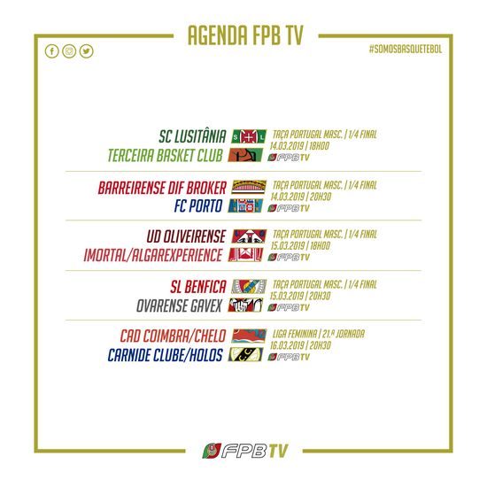 Na quinta-feira o nosso canal vai seguir o arranque dos quartos-de-final da Taça de Portugal masculina, no caso o SC Lusitânia vs. Terceira Basket Club (18h) e o Barreirense Dif Broker vs. FC Porto (20h30), para depois, na sexta-feira, as atenções se focarem no UD Oliveirense vs. Imortal AlgarExperience (18h) e SL Benfica vs. Ovarense Gavex (20h30).
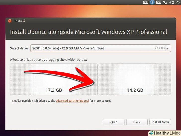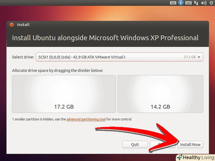 Виберіть розділ диска (логічний диск).якщо ви встановлюєте Ubuntu поверх Windows, ви можете використовувати повзунок прокрутки для того, щоб вибрати, скільки вільного місця на жорсткому диску буде відведено під Ubuntu. Пам'ятайте, що Ubuntu буде займати не менше 4.5 GB, а ще ж необхідно залишити місце для програм і файлів.- Як тільки налаштуєте все під себе, натискайте на кнопку « Встановити зараз».
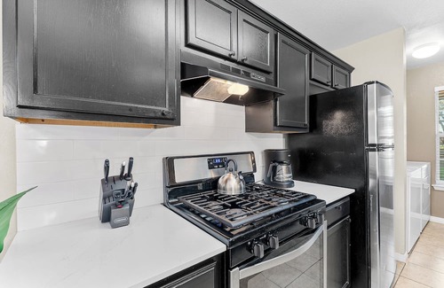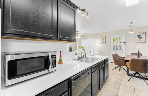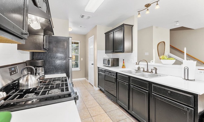 The kitchen area with numerous cooking appliances and spacious countertops. If you want to take a break from the Northern Austin restaurants, then this is the place for you.
====================
--- WORK TASK ---
Output the listing exactly, pictures excluded.

--- ANSWER SPACE ---
 Na quinta-feira o nosso canal vai seguir o arranque dos quartos-de-final da Taça de Portugal masculina, no caso o SC Lusitânia vs. Terceira Basket Club (18h) e o Barreirense Dif Broker vs. FC Porto (20h30), para depois, na sexta-feira, as atenções se focarem no UD Oliveirense vs. Imortal AlgarExperience (18h) e SL Benfica vs. Ovarense Gavex (20h30).
 Виберіть розділ диска (логічний диск).якщо ви встановлюєте Ubuntu поверх Windows, ви можете використовувати повзунок прокрутки для того, щоб вибрати, скільки вільного місця на жорсткому диску буде відведено під Ubuntu. Пам'ятайте, що Ubuntu буде займати не менше 4.5 GB, а ще ж необхідно залишити місце для програм і файлів.- Як тільки налаштуєте все під себе, натискайте на кнопку « Встановити зараз».
 The kitchen area with numerous cooking appliances and spacious countertops. If you want to take a break from the Northern Austin restaurants, then this is the place for you.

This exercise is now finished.